21歳アルカラスが「夢見てきた」全仏OPで初優勝!四大大会の全サーフェスを史上最年少で制覇し“ナダル超え”<SMASH>

テニス四大大会「全仏オープン」は大会最終日の現地6月9日に男子シングルス決勝を実施。第3シードのカルロス・アルカラス(スペイン/世界ランク3位)が第4シードのアレクサンダー・ズベレフ(ドイツ/同4位)を6-3、2-6、5-7、6-1、6-2のフルセットで下し、同大会初の優勝並びに四大大会3度目の優勝を飾った。

21歳の若きヒーローがまたしても新たなマイルストーンを手にした。クレーシーズンに入ってからは右腕の負傷に悩まされ、前哨戦のイタリア国際(イタリア・ローマ/ATP1000)は欠場を余儀なくされたアルカラス。そんな中で迎えた今大会は同箇所のケガの影響を感じさせない素晴らしいプレーで勝ち上がり、準決勝では4時間を超える大接戦の末に宿命のライバル、ヤニック・シナー(イタリア/2位)を2-6、6-3、3-6、6-4、6-3で撃破。苦しみながらも全仏初制覇に王手を懸けていた。

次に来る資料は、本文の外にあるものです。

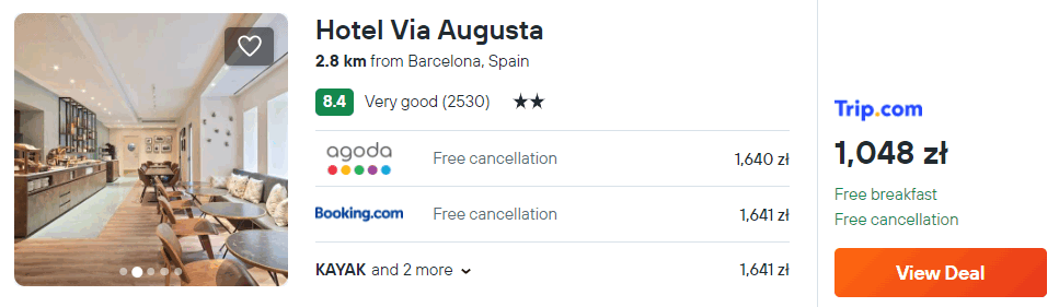 W Barcelonie rekomenduję ci noclegi z codziennymi śniadaniami w hotelu Via Augusta. Na jego dachu mieści się taras widokowy, z którego rozpościera się malowniczy widok na miasto. W każdym pokoju jest łazienka z wanną.

決勝で顔を合わせたのは、22年の全仏で負った右足首の大ケガから見事に完全復活を遂げた27歳のズベレフ。今大会は初戦で全仏最多14度の優勝を誇るラファエル・ナダル(スペイン/元1位/現275位)を破って以降苦しい試合を次々と乗り越え、20年の全米オープン以来となる四大大会決勝へとたどり着いた。

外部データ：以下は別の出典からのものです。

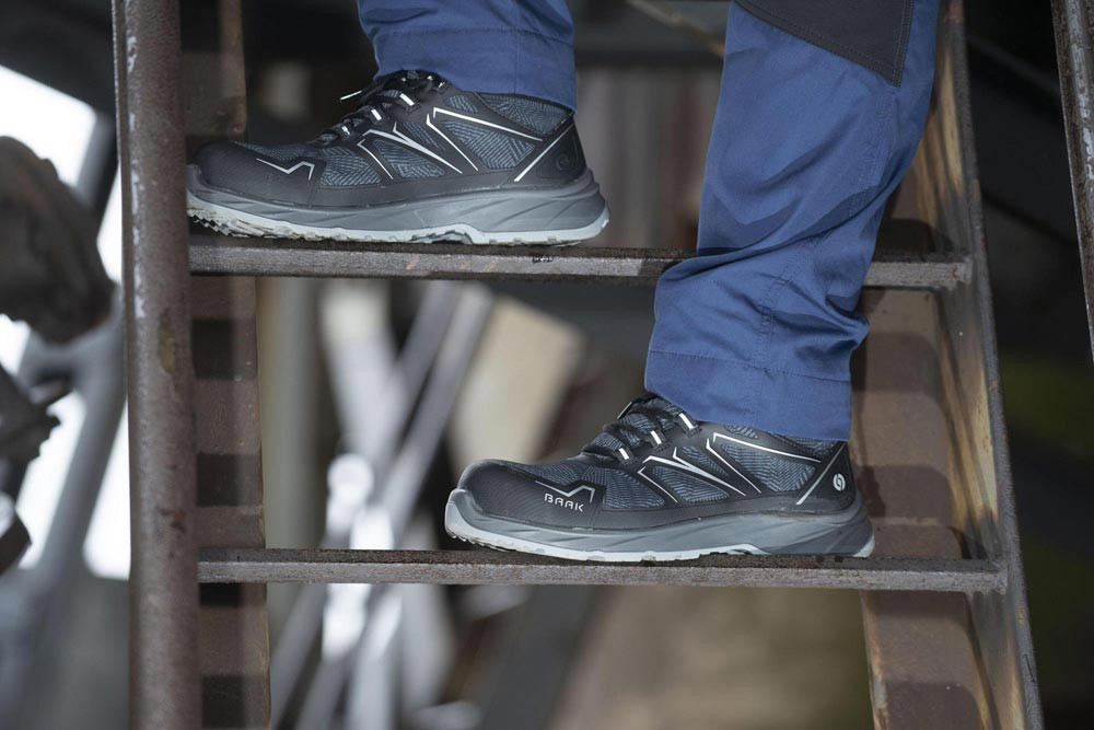 nach DIN EN ISO 20345:2024 · S3S FO LG SR ESD · Textilmaterial mit TPU-Applikation · Sandwich-Textilfutter · Composite-Flexkappe · Baak Go&Relax-System · Balance-Zone · ESD Softstep+ Einlegesohle · PU/PU-Sohle · textiler Durchtrittschutz · DGUV Regel 112-191 · Weite 11

大注目の一戦となった今回の決勝は、ジェットコースターのような目まぐるしい展開となったが、最後にはアルカラスの勝負強さが勝った。
立ち上がりは硬さが見られた両者。そうした中でもアルカラスは持ち前の多彩なプレーでリズムをつかみ、第1ゲームでいきなりズベレフのサービスを破る。直後の第2ゲームでは自身のミスが続いてブレークバックを許すも、第5ゲームでは相手に圧力をかける攻撃的なプレーで再びブレークを奪取。チェンジオブペースを交えながらラリー戦を支配したアルカラスが43分で第1セットを先取する。

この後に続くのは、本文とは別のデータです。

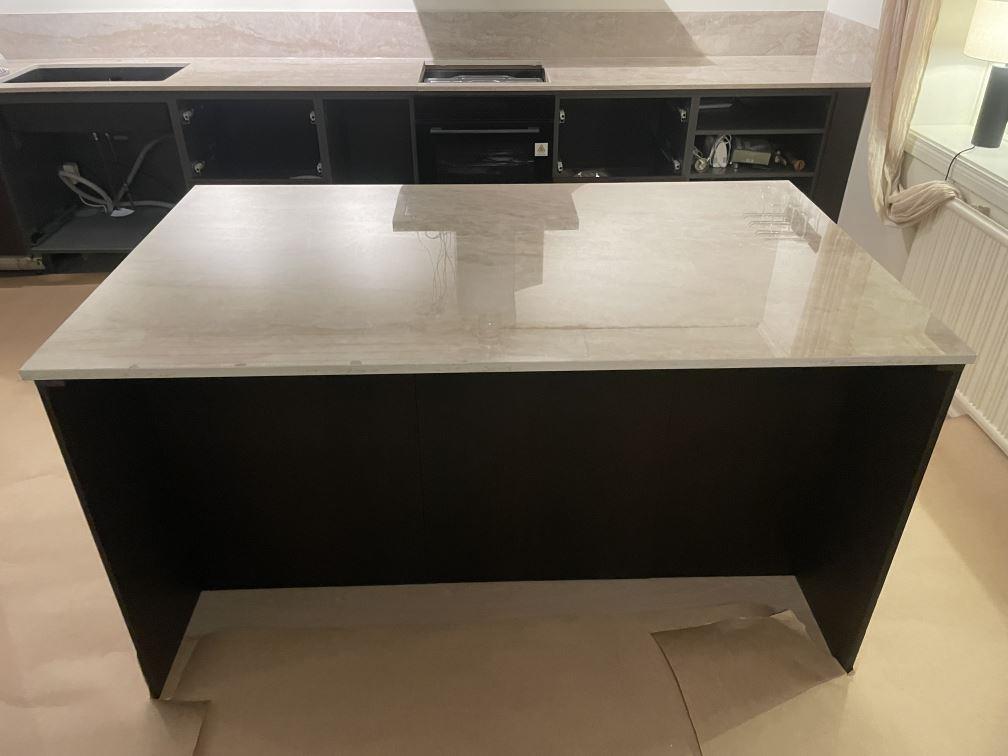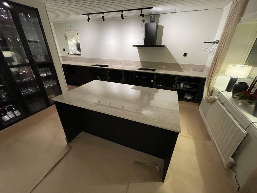 Nytt projekt slutfört i Flen. Montering. Mätning. Sten: Dekton Arga - 20mm Polerad,Dekton Arga - 8mm Polerad.

第2セットは出だしから緊迫の攻防が繰り広げられる。10分以上の攻防の末に第1ゲームをキープして流れをつかみかけたアルカラスだったが、粘り強いプレーで対抗してくるズベレフを崩すことができない。反対に自身はズベレフの深いショットに苦戦を強いられ2度のブレークを献上し、1セットオールとされる。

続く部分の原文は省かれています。